— WORK ITEM —
All that is wanted is the exact text of the lines below from the one with "Direkt zu Beginn" through the one with "比赛现场,参赛者们纷纷挥毫泼", inclusive, minus any pictures.

— THE DATA —
+++++

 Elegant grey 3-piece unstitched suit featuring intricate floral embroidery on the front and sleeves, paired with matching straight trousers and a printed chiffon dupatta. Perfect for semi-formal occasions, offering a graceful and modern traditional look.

+++++

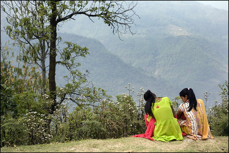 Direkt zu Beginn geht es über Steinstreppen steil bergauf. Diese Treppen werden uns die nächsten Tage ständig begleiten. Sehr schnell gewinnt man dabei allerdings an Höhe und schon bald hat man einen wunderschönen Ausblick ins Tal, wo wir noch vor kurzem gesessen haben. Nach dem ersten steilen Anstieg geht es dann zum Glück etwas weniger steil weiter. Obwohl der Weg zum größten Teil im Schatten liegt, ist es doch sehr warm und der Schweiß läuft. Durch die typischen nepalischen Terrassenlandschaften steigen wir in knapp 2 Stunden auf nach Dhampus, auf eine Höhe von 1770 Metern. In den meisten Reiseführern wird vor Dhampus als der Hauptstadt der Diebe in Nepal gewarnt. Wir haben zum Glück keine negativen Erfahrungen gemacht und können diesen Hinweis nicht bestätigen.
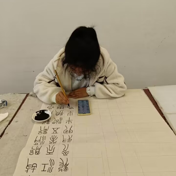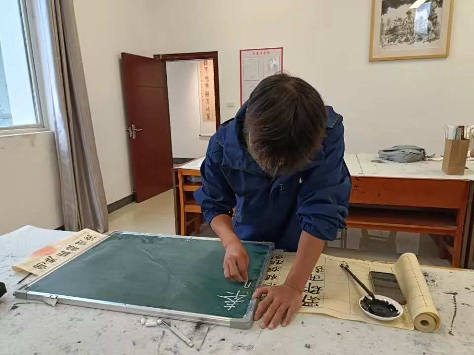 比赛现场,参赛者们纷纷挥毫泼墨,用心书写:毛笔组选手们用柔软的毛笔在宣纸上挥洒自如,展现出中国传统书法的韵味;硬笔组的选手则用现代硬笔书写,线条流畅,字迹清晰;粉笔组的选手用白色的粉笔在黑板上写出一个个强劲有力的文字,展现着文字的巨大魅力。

+++++

— OUTPUT —
 Direkt zu Beginn geht es über Steinstreppen steil bergauf. Diese Treppen werden uns die nächsten Tage ständig begleiten. Sehr schnell gewinnt man dabei allerdings an Höhe und schon bald hat man einen wunderschönen Ausblick ins Tal, wo wir noch vor kurzem gesessen haben. Nach dem ersten steilen Anstieg geht es dann zum Glück etwas weniger steil weiter. Obwohl der Weg zum größten Teil im Schatten liegt, ist es doch sehr warm und der Schweiß läuft. Durch die typischen nepalischen Terrassenlandschaften steigen wir in knapp 2 Stunden auf nach Dhampus, auf eine Höhe von 1770 Metern. In den meisten Reiseführern wird vor Dhampus als der Hauptstadt der Diebe in Nepal gewarnt. Wir haben zum Glück keine negativen Erfahrungen gemacht und können diesen Hinweis nicht bestätigen.
 比赛现场,参赛者们纷纷挥毫泼墨,用心书写:毛笔组选手们用柔软的毛笔在宣纸上挥洒自如,展现出中国传统书法的韵味;硬笔组的选手则用现代硬笔书写,线条流畅,字迹清晰;粉笔组的选手用白色的粉笔在黑板上写出一个个强劲有力的文字,展现着文字的巨大魅力。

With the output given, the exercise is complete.